Born and raised in Karantina, Zarou-Khadra has been living with her two daughters in her mother’s two-bedroom apartment since she lost her husband 20 years ago. In addition to her 77-year-old mother, Zarou-Khadra’s sister and two brothers, all single, also live in the apartment, making it cramped.
After the explosion, the family moved into a tent in a temporary camp in the area while an NGO renovated their apartment building and they were able to return home. The widowed mother of two loves the sense of community in Karantina, where their apartment door is always open so neighbors can pour in for a chat and keep themselves cool during the frequent power cuts.
“I like it here. This is my area. I love my life here. My family, my neighbors are all here. I would like to travel, but I want to come back here,” she says.
However, her daughter did not want to return to the apartment where she had seen so much destruction on August 4. That fateful evening, when a fire broke out in the harbor, sending plumes of smoke over Karantina, a seventh-floor neighbor came to the family’s first-floor apartment to see what was going on. The neighbor was standing on their doorstep when the massive explosion hit and the force of the blast threw the family friend down the stairs, killing her instantly.
A year later, Khadra is still traumatized by the explosion. “We saw all the neighbors die. Even now, when I think about it, I start to tremble. Two days ago there was a noise and I started to cry. I said I don’t want to die. If I hear a loud noise, I go between the walls or go under the table,” explains the 20-year-old. “I feel trapped in this place.”
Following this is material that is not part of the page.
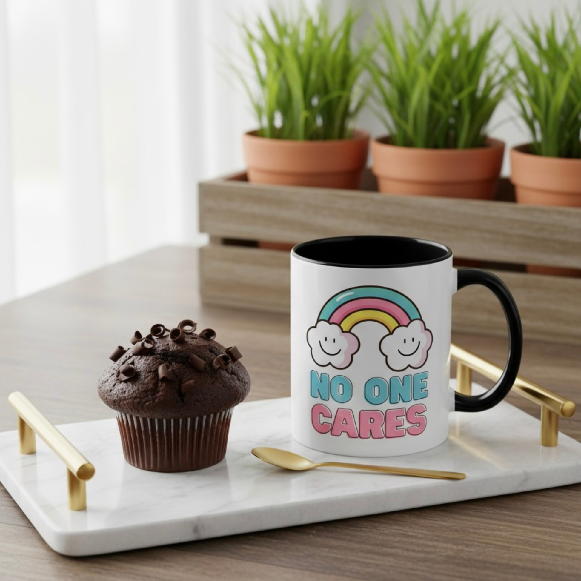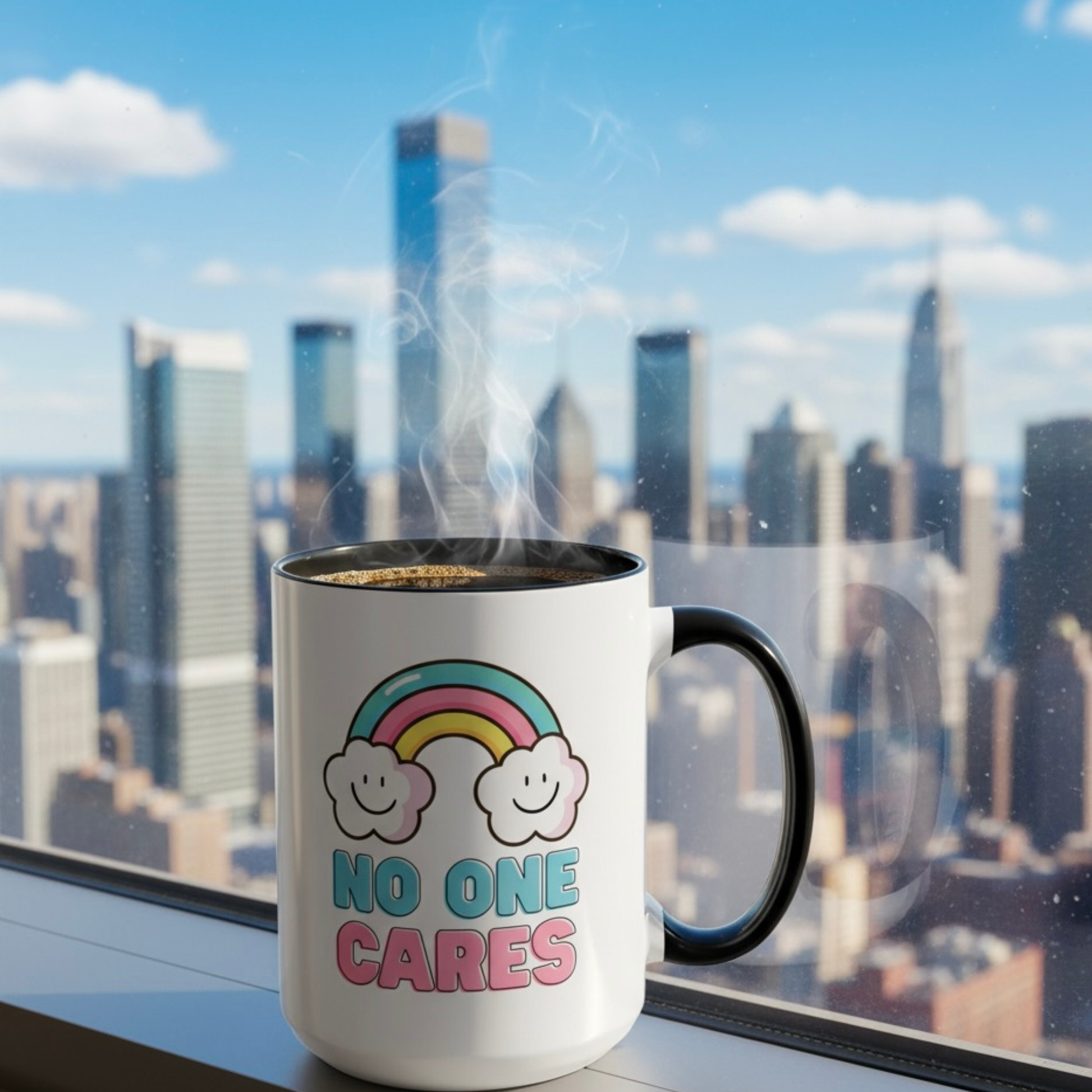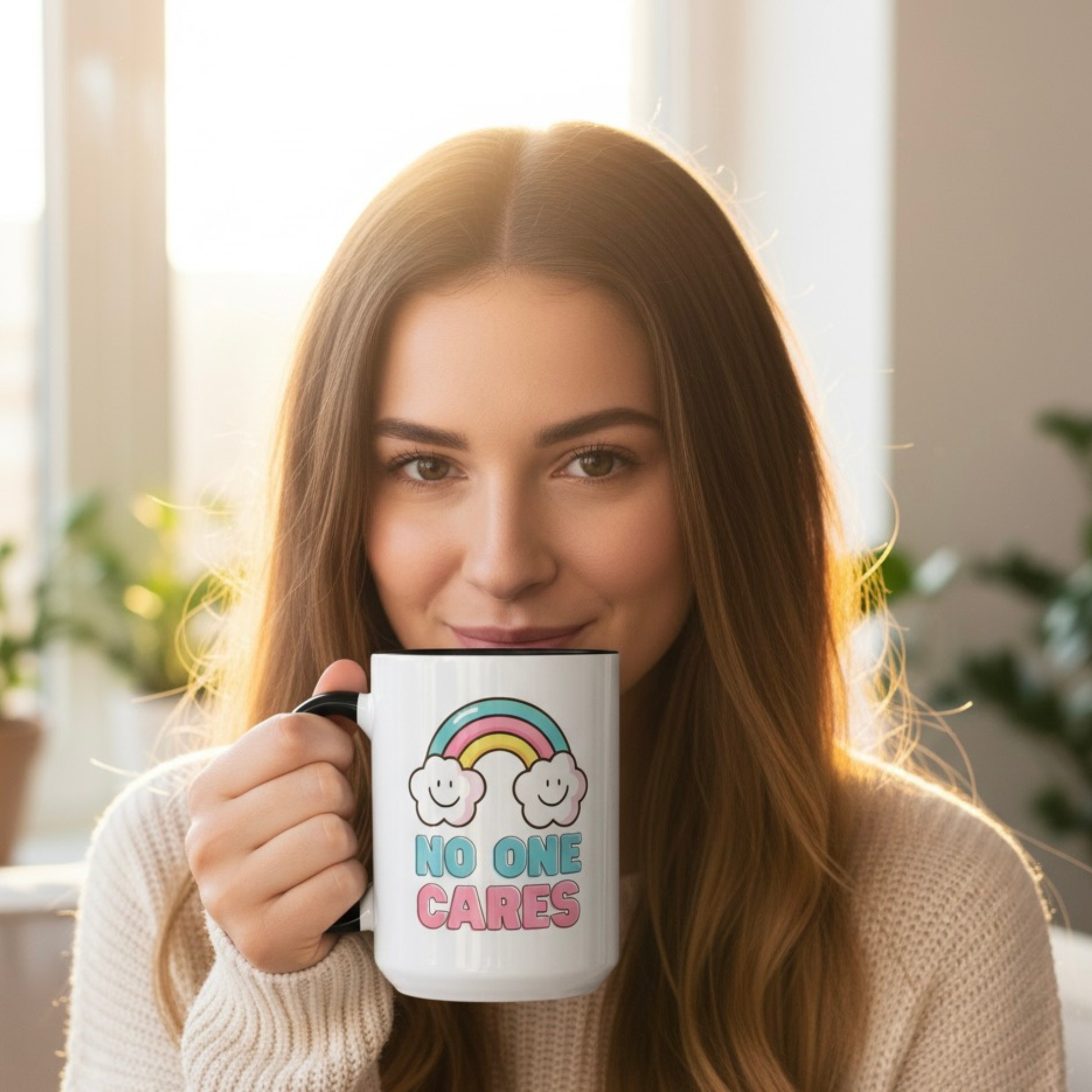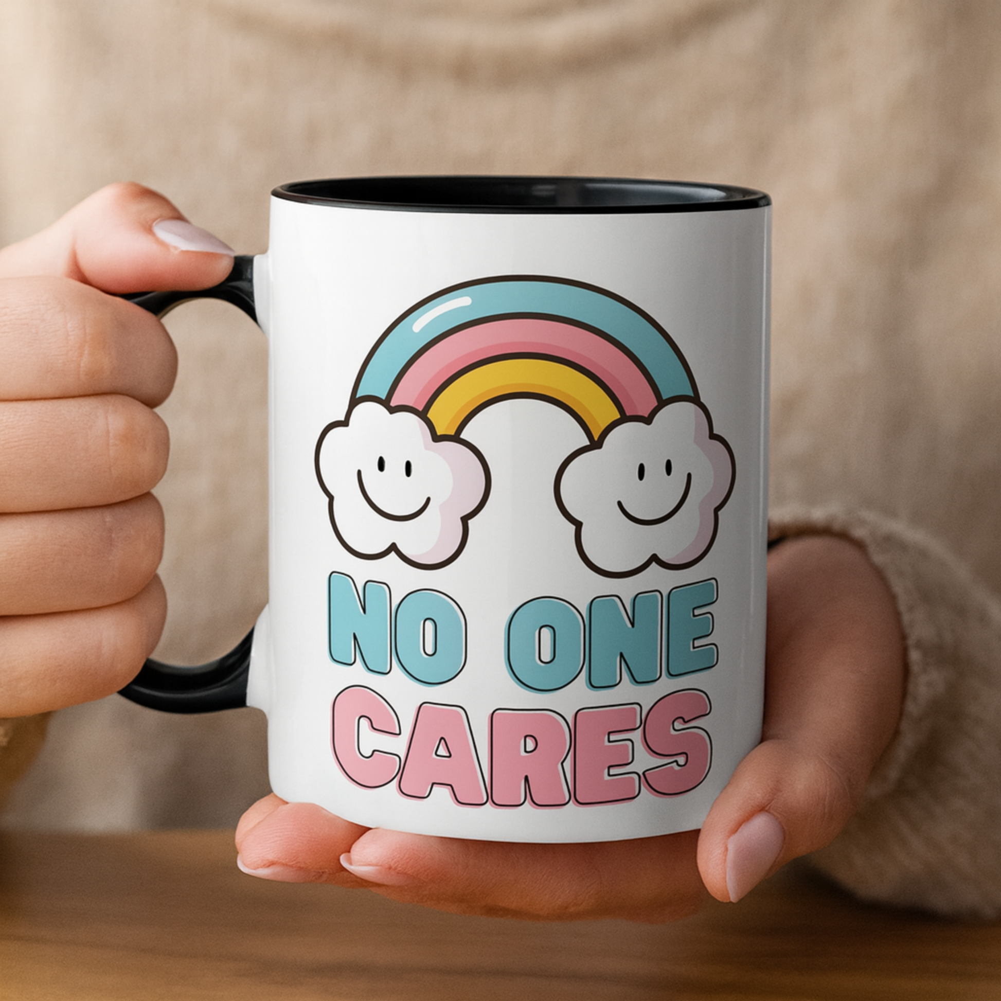 Who says brutal honesty can’t be colorful? This mug pairs a cheerful rainbow with a message that cuts straight to the point: No one cares. Perfect for your morning coffee, late-night tea, or for silently telling Karen from accounting exactly how you feel. Dishwasher and microwave safe, because you’ve got better things to do than handwash sarcasm.

Her mother would like her daughters to leave Lebanon to “go anywhere – maybe France, maybe Canada”.
Khadra would gladly obey if she could, joining the wave of Lebanese professionals who left the country after the explosion in the port of Beirut. But to leave and build a new life requires resources that are scarce today. ‘Now I can’t pay for my studies. There is no future in Lebanon, there is no life in Lebanon. I have to fight to live, I only have to pray. You have to fight and pray to survive here.”